Genetic Algorithms in Java Basics by Lee Jacobson & Burak Kanber

Author:Lee Jacobson & Burak Kanber
Language: eng
Format: epub
Publisher: Apress, Berkeley, CA

Single Point Crossover

Single point crossover is an alternative crossover method to the uniform crossover method we implemented previously. Single point crossover is a very simple crossover method in which a single position in the genome is chosen at random to define which genes come from which parent. The genetic information before the crossover position comes from parent1, while the genetic information, after the position, comes from parent2.

Single point crossover is reasonably easy to implement and allows contiguous groups of bits to be transferred from parents more effectively than in uniform crossover. This is a valuable property of crossover algorithms. Consider our specific problem, where the chromosome is an encoded set of instructions based on six sensor inputs, and each instruction is more than one bit long.
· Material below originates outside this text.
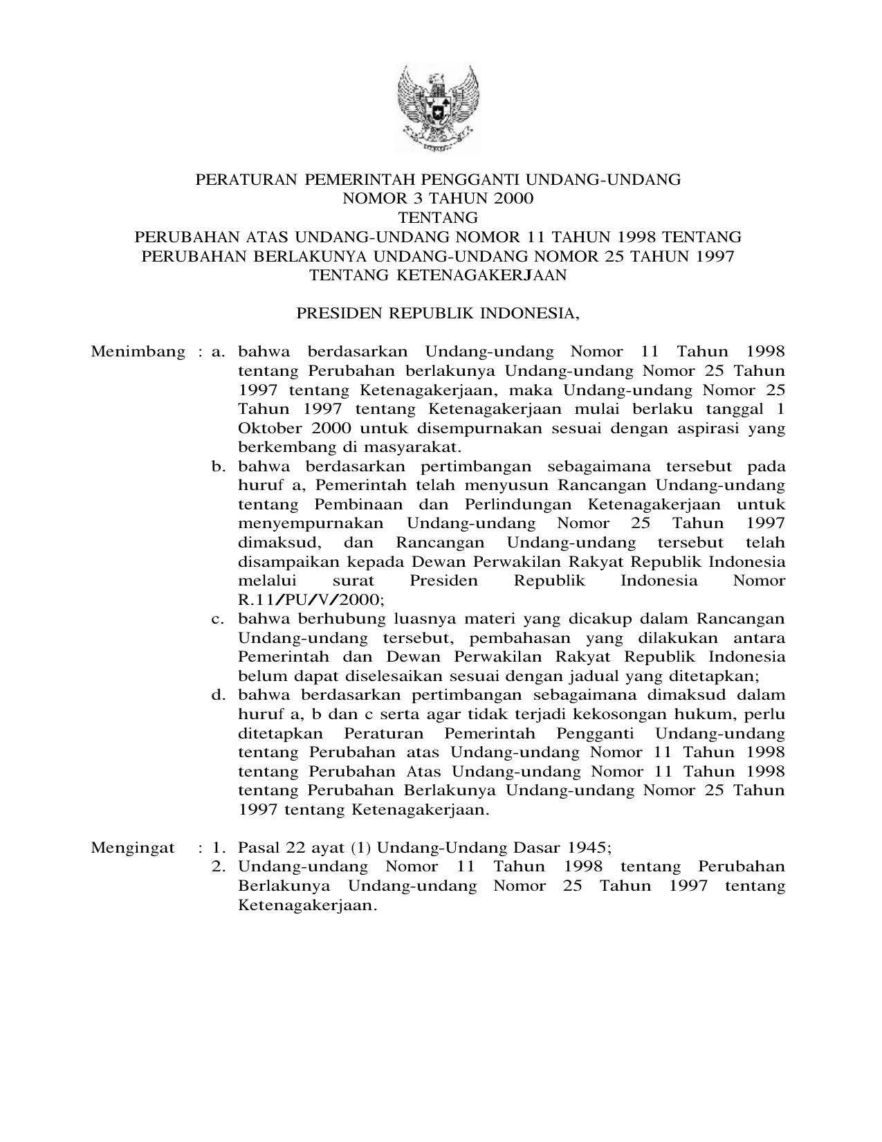 PERPPU Nomor 3 Tahun 2000 | Peraturan Pemerintah Pengganti Undang-Undang Nomor 3 Tahun 2000 tentang PERUBAHAN UU 11-1998 TENTANG PERUBAHAN BERLAKUNYA UU 25-1997 TENTANG KETENAGAKERJAAN

Imagine an ideal crossover situation as follows: parent1 is great at the first 32 sensor operations, and parent2 is great at, say, the last 16 operations. If we were to use the uniform crossover technique from Chapter 2, we’d get jumbled bits everywhere! Individual instructions would be changed and corrupted in the crossover due to the uniform crossover choosing bits at random to exchange. The two-bit instructions may not be preserved at all, because one of the two bits per each instruction might get modified. However, single point crossover lets us capitalize on this ideal situation. If the crossover point is directly in the middle of the chromosome, the offspring would end up with 64 uninterrupted bits representing 32 instructions from parent1, and the great 16 instructions from parent2 as well. So, the offspring now excels at 48 of the 64 possible states. This concept is the underpinning of genetic algorithms: that the offspring may be stronger than either parent because it takes the best qualities from both.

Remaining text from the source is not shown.